The Vietnam War In America
Historian Professor David Farber ’74 Speaks To Students About The Vietnam War
“What is democracy in America?”
Parker alumnus and historian Professor David Farber asked students this question at his ZooMX. He asked the question at the beginning of his presentation, in which he spoke about the effects of the Vietnam War in the US.
Farber spoke to faculty, eighth graders, and Upper School students on Tuesday, May 26. He talked about the Vietnam War and social protests regarding the war. This ZooMX is one of five online lectures by Parker alumni organized by the history department.
Farber has degrees from the University of Chicago and University of Michigan. He currently teaches at Kansas University as the Roy A. Roberts Distinguished Professor of History. Farber is a distinguished historian and his research is focused on the second half of the 20th century.
The ZooMXes were created by the history department following the shift to remote learning. Since classes moved online, Parker alumni have talked to Parker students on Zoom about topics such as FDR and the sociology of the COVID-19 pandemic. The idea for ZooMXes started after Principal Dr. Dan Frank suggested to Upper School history teacher and Department Co-Chair Andrew Bigelow that Parker should invite alumni to speak for an hour to students on Zoom. “All of a sudden, the ball got rolling, and we have five different guest speakers coming in, and then Dr.
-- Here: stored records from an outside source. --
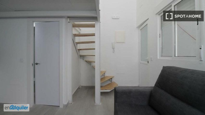 ** El desván ** _Porque amo la luz natural_ ** ¿Me gustará aquí? ** Probablemente. ¿Te encanta pasar tiempo al aire libre? Viviendo en este maravilloso y luminoso apartamento, puede correr y hacer un picnic en el Parque Olof Palme y relajarse en el Parque de Pradolongo. **¿De Verdad? Dime más...** Puedes subir una escalera de caracol para llegar a tu área de descanso a nivel de loft. El salón es minimalista. Vístelo con almohadas de colores o una imagen en la pared. Creemos que este apartamento es ideal para personas amantes de la naturaleza. Estás a una corta distancia a pie de hermosos parques. El río Manzanares está a 15 minutos. La cocina internacional es fácil de encontrar. ** Sus 3 razones principales para vivir aquí: ** - Duerma en un espacio loft fresco con una escalera de caracol. - Viste la decoración minimalista con un toque de tu personalidad. - Trotar, hacer un picnic, pasear y relajarse en numerosos parques cercanos. ** Pero necesitas saber esto ... ** - No hay una lavadora privada; sin embargo, el edificio tiene una sala de lavandería. - Hay un techo bajo en el área de dormir de nivel loft. ** Nuestro inspector de casas, Marcos, dijo: ** _ "Es exterior y ha sido recientemente renovado. Está en una zona residencial de Madrid, por lo que es muy tranquilo aquí". _ ** Ayúdame a decidir ... ** Este es un estudio en planta baja en la calle Rodrigo Uhagón en Madrid. Tienes un espacio de vida minimalista y un área para dormir a nivel de loft. Hay una sala de lavandería en el edificio. Es ideal para aquellos que disfrutan pasar tanto tiempo al aire libre como sea posible. Trotar en los parques cercanos. Pasea por el río. Encuentre una variedad global de alimentos en restaurantes cercanos.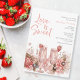 Elegante champán y fresa Boho Rubor Invitación a ducha de novias de verano rosado con caligrafía "El amor es dulce"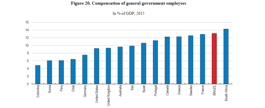 Also, public sector employees tend to earn considerably more than private sector workers. As a result, the burden of public sector pay on Brazil’s budget is amongst the world’s largest. Government sector redundancies and public sector pay cuts may be inevitable.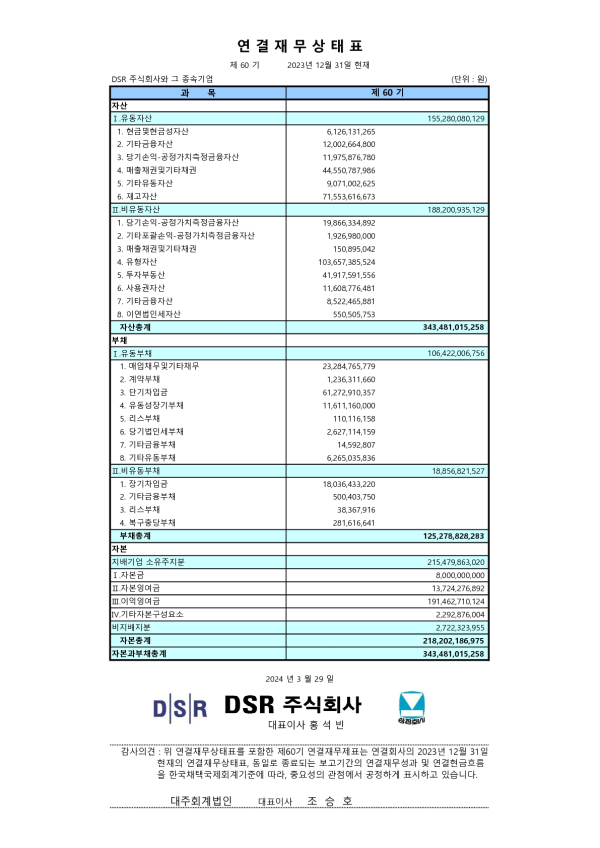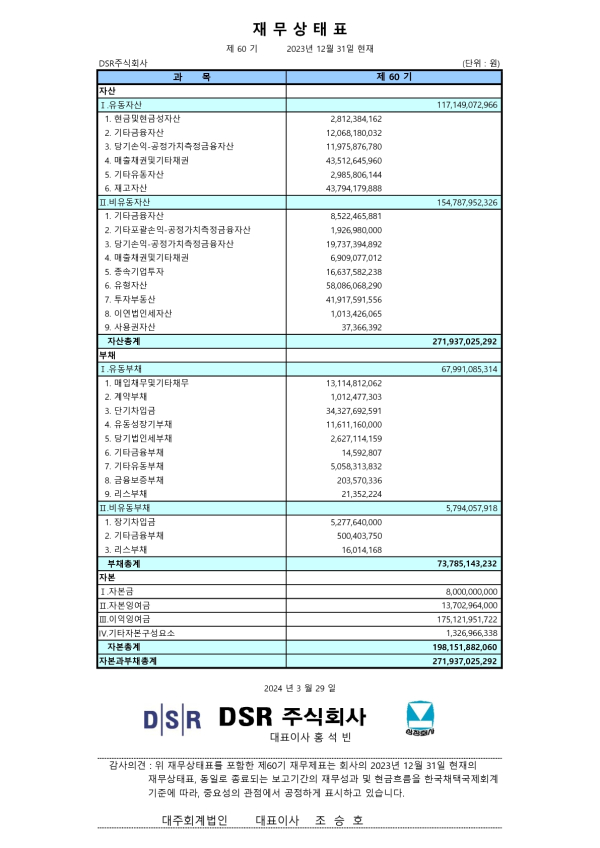 2023년 DSR(주) 연결재무상태표 및 재무상태표 2024-03-29 페이지 정보 작성자 회계팀 댓글 0건 조회 28,008회 작성일 24-03-29 11:34 목록 본문 2023년 DSR(주) 연결재무상태표 및 재무상태표 입니다. 이전글2024년 DSR(주) 연결감사보고서 및 감사보고서 25.03.06 다음글2023년 DSR(주) 사업보고서 24.03.21

Frank suggested ‘bring back David Farber,’ who we brought in two years ago to do a Morning Ex on the 50th anniversary of the Democratic National Convention in Chicago.”
“I am not the true research historian that Professor Farber is, like someone who is a professor of history, and so my hope is that these kids will see this as an opportunity to spend some quality time with a specifically trained and well versed historian,” Bigelow said. “And they will hear and see his passion and my hope is they will want to learn more.”
After providing background on the beginning of US involvement in Vietnam, Farber focused on the effects of the Vietnam War here. “America’s role in Vietnam became so uncertain and has had massive implications ever since,” Farber said during the Zoom. “Fifty years later and there’s still this powerful echo.”
Farber talked about the effects of the Vietnam War and the anti-war movement in Chicago, specifically Parker. “Francis Parker by 1969 and 1970 was a hotbed of activism,” Farber said. “There was an SDS chapter, a radical leftist organization that had a tiny membership of Francis Parker, and lots of kids by the time I was 11 had gone to anti-war protests downtown and marched and did whatever we could.”
Bigelow believes that it is important to continue the history curriculum outside of class during remote learning. “I’ve gone to the ZooMX’s because my teacher recommended them as supplements to our topic of US History,” junior TK Muro said. “I want to become more politically aware and active, and for me, part of that has meant learning more about our nation’s history, especially the parts that we want to forget.”